There was a quote I once came upon and have been inspired by ever since. It goes, “If you keep doing what you have always done, you will get the same results you have always got.”
However, the question I kept asking myself from that point onwards was, “Am I happy with the results I have always got?” More often than not, the answer was always NO. It is this ‘no’ which gives me the push to grow and improve.
But, there is a catch to it (isn’t there always?)
Does thinking about results all the time make me result oriented? I guess so! And the more I think about it, the more I realize that these results (at least in past few years) have always been ‘professional’ in nature. I’m almost always only motivated about how to improve in the professional aspect of my life.
Busy in my focus on achievements, I have no time to think upon my limitations. Am I a better person? I don’t know. Have I resolved my anxiety issues? Most definitely not.
At least in my case, I have noticed that the more I focus on my work or the job at hand, the lesser I am able to focus on myself. I really cannot recall the last time I had no ‘work’ on my mind. Except maybe on Sundays, which gets over in the blink of an eye; what did I do last Sunday? Went shopping with the family and had a dinner out at a nice restaurant. This is how most holidays are spent. Did I learn or discover something new? Nope.
I used to love reading as a child, but I haven’t read a book in the past one year. I know for a fact that my mind and my body, both, love a good book. This self-discovery has already been made but I still don’t do it. What if there are others things I love and am never able to find out?
I know for a fact that a few books made me change the way I look at things and even the way I work. Why am I not doing it more often then? Because, there is just not that many hours in a day!

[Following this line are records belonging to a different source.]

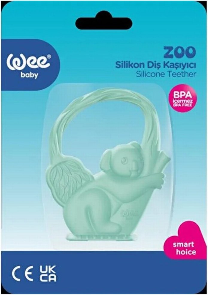 Turkuaz renkte, koala figürlü silikon diş kaşıyıcıdır. BPA içermez, yumuşak ve bebeklerin diş çıkarma döneminde rahatlaması için uygundur.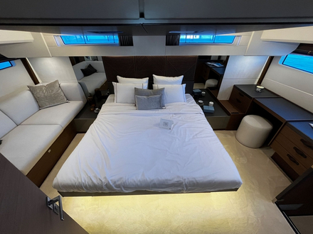 « Le M48, c’est le volume d’un motoryacht de 60 pieds avec la consommation d’un 40 pieds », Erwin Bamps, Directeur Général de Prestige a le sens de la formule à l’heure où la sobriété énergétique est dans toutes les conversations. Mais en découvrant le volume des aménagements proposés par le premier multicoque de la marque du groupe Bénéteau, il est certain que les habitués du monocoque vont devoir revoir leurs ratios de volume / longueur. Cabines, nacelle, flybridge, il y a de l’espace à profusion à tous les étages. L’impétrant a été, c’est certain également scruté par ses concurrents, notamment sa cabine propriétaire avant toute largeur qui est une vraie petite révolution. L’impression d’espace n’est pas feinte sur cette unité de 6 mètres de large. Avec son grand lit central, son sofa sur bâbord, bureau sur tribord, ses multiples rangements et ses deux salles d’eau en contre-bas de seulement deux marches, le terme de suite convient sans doute mieux que celui de cabine.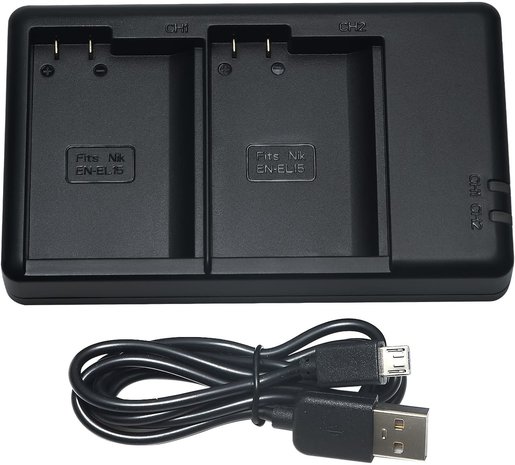 EN-EL15A USB dual charger produced by DSTE for Nikon. It enables you to charge your camera battery wherever you go, for example in your car. A red indicator light indicates that the battery is being charged, a green light indicates that the battery is fully charged.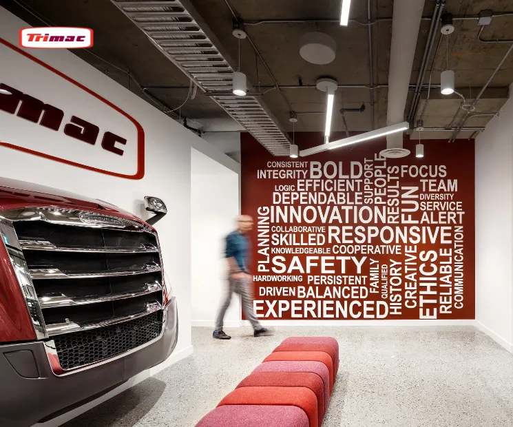 Mur de mots : Exprimant les émotions partagées par l’équipe de Trimac, un mur de mots accueillant décore l’entrée principale du bureau. Ce récit captivant est également intégré à travers le bureau, mettant en évidence l’influence de la main-d’œuvre de Trimac dans la création de son héritage.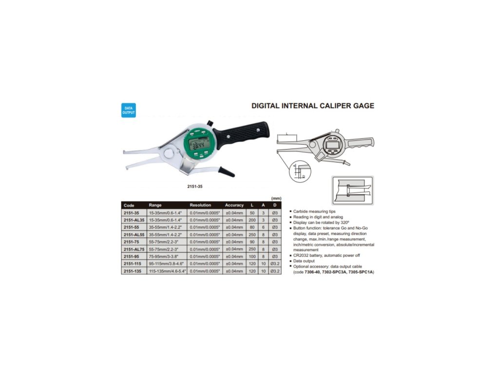 Az insize digitális belső tapintókaros mérőóra belső beszúrások, hornyok, átmérők mérésére alkalmas, 55-75 mm tartományú, 0.01 mm felbontással, 320° forgatható digitális és számjegyes olvasható kijelzővel rendelkezik.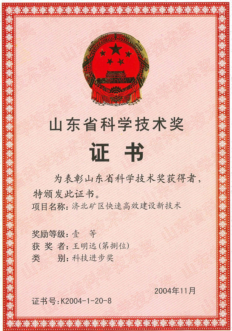 山東省科學(xué)技術(shù)獎(jiǎng)一等獎(jiǎng)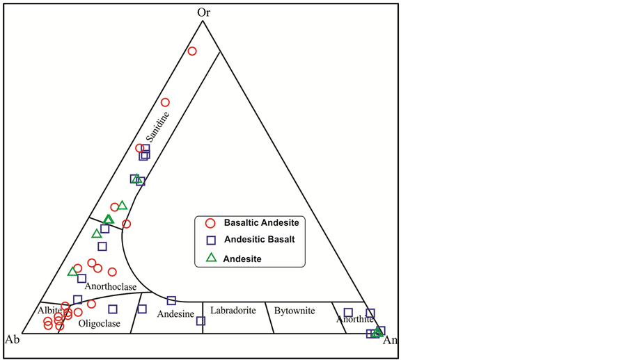 The Upper Eocene volcanic rocks in Tafresh include andesitic basalt, basaltic andesite and andesite which have constituted significant volumes of lava in the region. Plagioclase feldspar, pyroxene and olivine are the major minerals in them. Plagioclase (60% - 70%) is as phenocryst and microlite. Plagioclase phenocrysts are mostly of calcic to sodic types and their anorthite component (Xan) vary between 0.05 to 0.98 (anorthite to oligoclase), (Figure 4). Petrographic studies of plagioclases also confirm that anorthite component of the andesitic basalt rocks is much more than that of other basaltic rocks. The potassium component (Xor) of plagioclase phenocrysts vary between 0.01 to 0.90 (albite to sanidine). Pyroxene phenocrysts are clinopyroxene and orthopyroxene. Pyroxene as orthopyroxene is the dominant phase in andesitic basalts. According to the classification of Deer, Howie and Zussman [13] the pyroxenes of andesitic basalts have hypersthene and pigeonite composition. However, calcic pyroxene (augite) is also seen. The basaltic andesite rocks contain iron pyroxene with a compositional range from En3Fs51Wo10 to En13Fs78Wo38 (Figure 5). The andesitic rocks are characterized by Ca-rich pyroxenes with hedenbergite composition which show compositional range from En2Fs43Wo38 to En12Fs51Wo46 (Figure 5). According to the classification of Morimoto [14] , pyroxenes often are located in the ranges of A and D. Two possible processes can explain the existence of iron-reach portion (hedenbergite-ferrosilite) in basaltic andesite and andesite rocks, (1) opacitization and oxidation of the pyroxenes with removal of calcium and magnesium as carbonate from minerals, and (2) remove of calcium as well as fixing magnesium in some clinopyroxenes. According to Figure 6 olivine ranges in composition from Fo19 to Fo24 show ferrohortonolite composition.

The important question we need to ask ourselves, is, “Is this the real me?”, “Is this making me happy?” or the most daunting of them all “Is this what I ‘want’ to do or ‘should’ do?”

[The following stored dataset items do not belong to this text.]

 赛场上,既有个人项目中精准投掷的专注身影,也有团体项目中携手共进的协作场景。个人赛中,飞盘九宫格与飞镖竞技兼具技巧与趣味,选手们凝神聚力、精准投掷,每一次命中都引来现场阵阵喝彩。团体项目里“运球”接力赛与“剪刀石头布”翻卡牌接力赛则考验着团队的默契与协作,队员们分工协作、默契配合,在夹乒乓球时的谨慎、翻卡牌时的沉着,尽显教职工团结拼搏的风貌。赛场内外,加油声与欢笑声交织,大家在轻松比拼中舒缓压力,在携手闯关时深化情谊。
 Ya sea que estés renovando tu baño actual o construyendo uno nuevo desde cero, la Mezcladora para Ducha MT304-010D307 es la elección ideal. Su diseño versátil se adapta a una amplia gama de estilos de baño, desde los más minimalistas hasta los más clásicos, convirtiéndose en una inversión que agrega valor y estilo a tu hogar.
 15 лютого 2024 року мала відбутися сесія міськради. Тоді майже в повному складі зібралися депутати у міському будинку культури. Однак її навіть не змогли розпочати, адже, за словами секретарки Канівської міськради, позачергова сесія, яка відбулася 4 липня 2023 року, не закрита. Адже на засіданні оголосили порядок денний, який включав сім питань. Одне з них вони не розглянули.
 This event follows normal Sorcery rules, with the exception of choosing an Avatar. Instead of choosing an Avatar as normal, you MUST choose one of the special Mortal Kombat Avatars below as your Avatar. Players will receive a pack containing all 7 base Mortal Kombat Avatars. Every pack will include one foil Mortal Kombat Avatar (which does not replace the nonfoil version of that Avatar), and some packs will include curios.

The difference between the ‘want’ and the ‘should’ is where the self-discovery lies I believe.
We constantly keep ourselves caged thinking about whether what we do would be right or acceptable or not. And that’s how we block the route to self-discovery.
Meeting new people, visiting new places, trying out a new dish, learning something new, these are all experiences which lead to self-discovery. And, aren’t we motivated to work better after such experiences?
To understand this better, let us take the example of the movie Highway where despite being born and brought up in an affluent family, the protagonist comes into her own after an experience which in normal circumstances would be traumatic. She gets kidnapped, and in the process, discovers things about herself she never knew! By the end of the journey she is a completely different person and moves on from being a nobody to a somebody.
Her and ours journey to self-discovery thus, must be trudged upon, to move from being good to great; and thus leading to greatness.